The fund amounts of Fund A and Fund C are different and calculated separately.
For those who often invest in funds, you may have noticed this: some fund products are marked with a after their names, and some fund products are marked with C after their names. Strictly speaking, these two new products belong to the same product, but their charging models are completely different. In order to meet the needs of more investors, the fund company will separate Fund A and Fund C.
1. The two quotas are not compatible with each other.
Let’s take a random example. If you buy Fund A of a certain fund product, you will find that the daily net value and stock holdings of Fund A are exactly the same as those of Fund C. This is because the two funds themselves are They belong to the same fund, but they subscribe separately, so the scale is also different. You can understand the main difference between Fund A and Fund C as the difference in subscription and redemption fees. Other aspects are exactly the same.

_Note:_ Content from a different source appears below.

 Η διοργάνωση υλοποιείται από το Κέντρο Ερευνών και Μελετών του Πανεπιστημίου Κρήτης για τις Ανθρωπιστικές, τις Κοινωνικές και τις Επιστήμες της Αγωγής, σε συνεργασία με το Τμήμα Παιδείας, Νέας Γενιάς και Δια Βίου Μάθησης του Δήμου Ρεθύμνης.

Second, this is done in response to market demand.
I remember reading a piece of data before. Currently, the general investment cycle of most investors in the market is within three months. In order to further respond to this data and meet the needs of investors, the fund company launched Fund A and Fund C. For short-term investors with a relatively short investment cycle, it is generally better to choose Fund C, because Fund C has no subscription fee. For long-term investors, it is more reliable to choose Fund A because Fund C has the lowest comprehensive rate.

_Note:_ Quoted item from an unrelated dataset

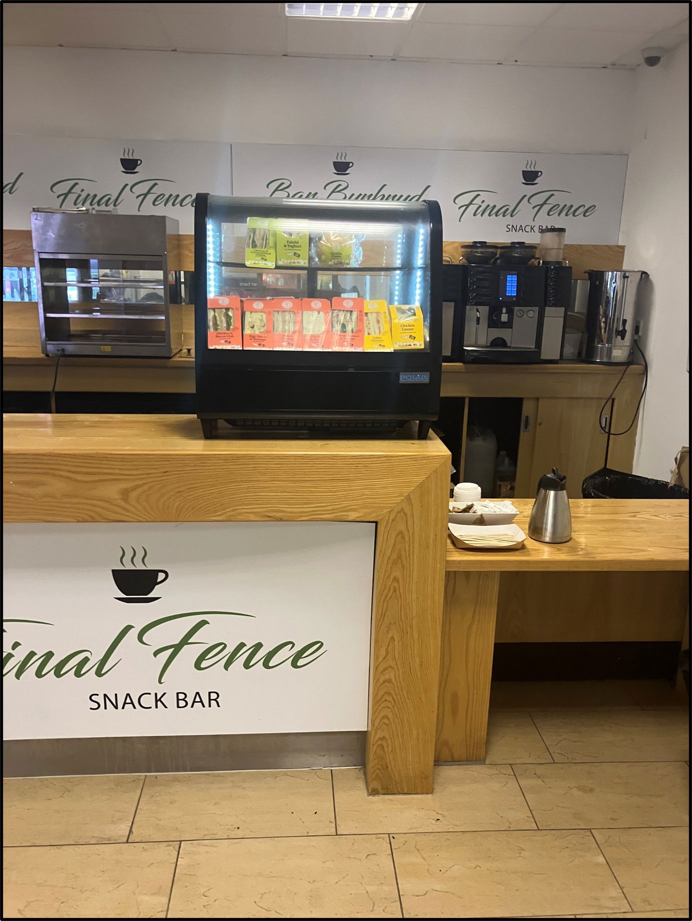 At the right-hand side of Blinkers Bar, which is situated in the main grandstand, is the Final Fence snack bar. It sold a limited range of sandwiches, salads, pies, chocolate bars and crisps. However, on the day of our visit, there were no salads, pies, chocolate bars or crisps available. Just a sad-looking variety of sandwiches at £4.50 each. It also sold tea, coffee, and hot chocolate, priced from £2.10 to £3.00 depending on your selection. And that was it.

3. The fee rates of Fund A and Fund C are different.
For Fund A, Fund A generally has subscription fees and redemption fees. The longer you hold it, the less fees you pay.
For Fund C, Fund C does not need to pay a subscription fee, but it does have a service fee. The service fee is calculated on a daily basis, and the service fee will be deducted from your fund's net value in real time every day.
To sum up, the quotas of Fund A and Fund C are not mutually exclusive, but they are the same product and enjoy the same position ratio, but the service rates are completely different.